[Data below]
━━━

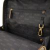 - Antique bronze-tone hardware and raised enamel emblem
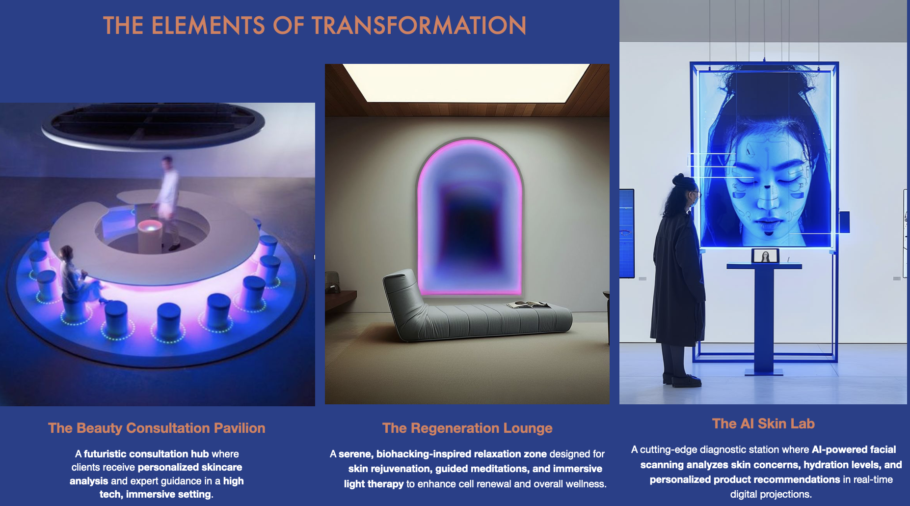 A diagnostic station using AI powered facial scanning to identify concerns and generate tailored product recommendations.
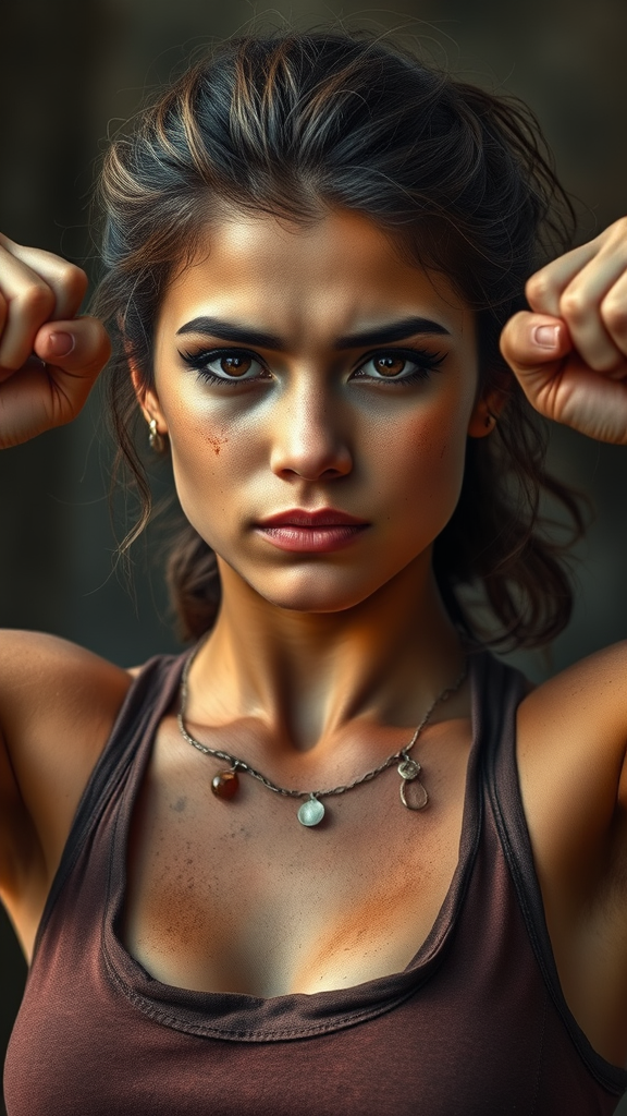 A defiant young woman stands boldly with her fists raised, her posture emanating strength and resilience. Her face is smudged with dirt, evidence of her recent struggles, and her eyes gleam with an unyielding determination. A slight sheen of sweat glistens on her brow, mixing with the grit, while a trickle of sweat runs down her cheek. Her hair, tousled and wild, frames her fierce expression as she braces herself for the challenges ahead, embodying the spirit of rebellion and perseverance.

━━━

Each line of the data must be restated exactly, and the pictures must be left out.

 - Antique bronze-tone hardware and raised enamel emblem
 A diagnostic station using AI powered facial scanning to identify concerns and generate tailored product recommendations.
 A defiant young woman stands boldly with her fists raised, her posture emanating strength and resilience. Her face is smudged with dirt, evidence of her recent struggles, and her eyes gleam with an unyielding determination. A slight sheen of sweat glistens on her brow, mixing with the grit, while a trickle of sweat runs down her cheek. Her hair, tousled and wild, frames her fierce expression as she braces herself for the challenges ahead, embodying the spirit of rebellion and perseverance.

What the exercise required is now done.